If you wanna do it at a semi-serious level, I'd still go with PS. Learning it will give you a skill that will be useful for long, and it's the industry standard. Back in the day I had a copy and thought myself to use CorellDraw and despised PS, but I had to adapt over time, hadn't seen a corell product in like 18 years (we use Substance Painter+Designer for texturing along with PS). If you go the PS route, be sure to check out all packages on the adobe page, cos currently you can grab the PS+Lightroom pack subscription for Half the price of just getting PS alone!

Gimp is as it's name suggests. Far from good enough for a production environment, might be good enough for hobby needs if you can get used to the god awful UI, bugs and limitations.

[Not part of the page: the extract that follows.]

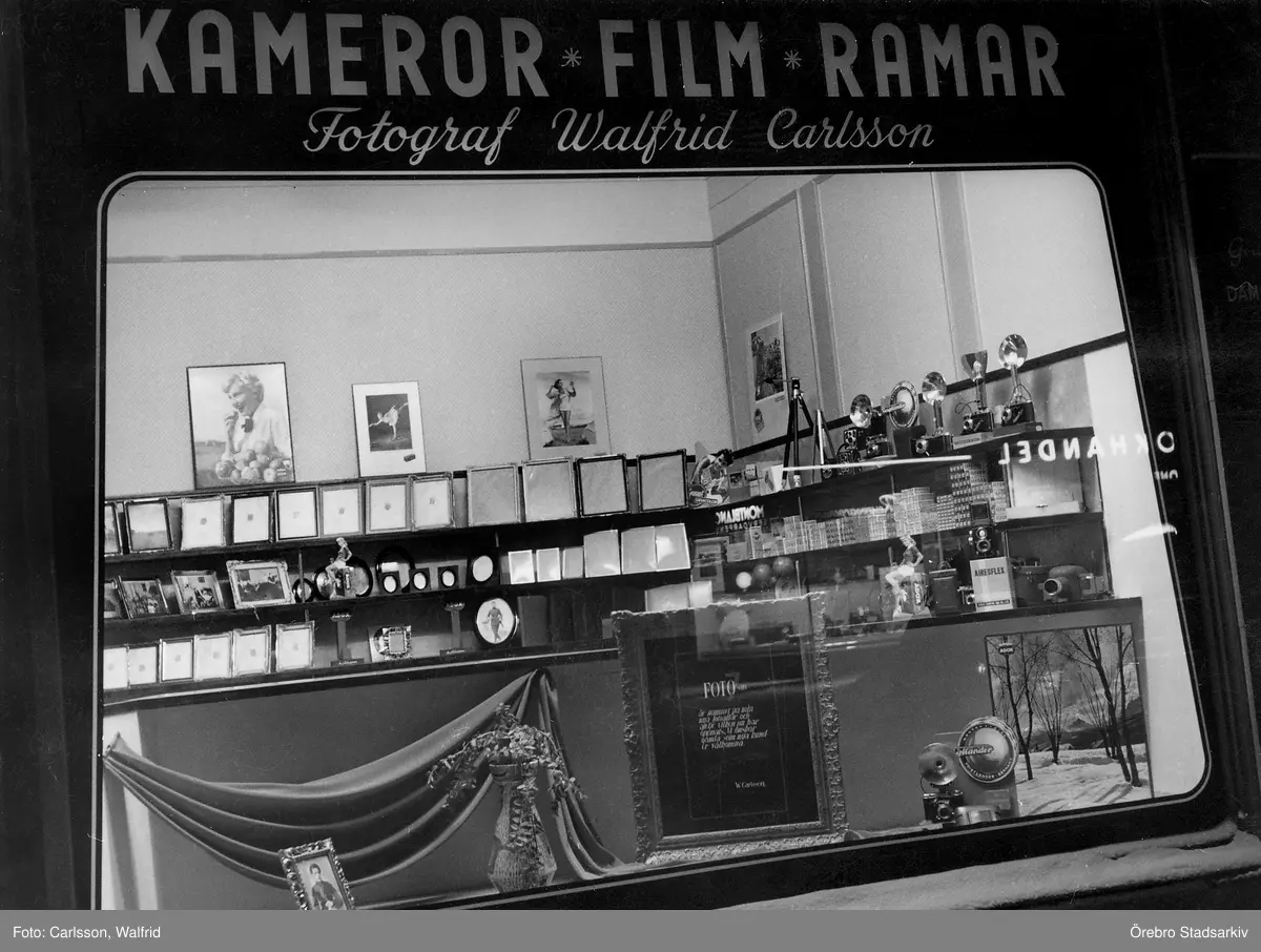 Skyltfönster till Walfrid Carlssons fotoaffär, 1950-tal

Give it a try cos it's free, you might actually find it good enough for your use case!


Blender is mainly 3D, but it does posses 2d capabilities I think. I don't think it's the software you are looking for though. Personally I never got along with it as I didn't need to, it's "logic" and UI is way too convoluted compared to mainstream programs like Maya/C4D/Max, and it's tools are still limited or just bloody inconvenient to use.
If you want to get into 3D sculpting, where traditional 2D drawing experience is actually very useful and mainly done with a tablet, you could give it a try as it's free, I heard some good things about it's sculpting capabilities but never tried it myself.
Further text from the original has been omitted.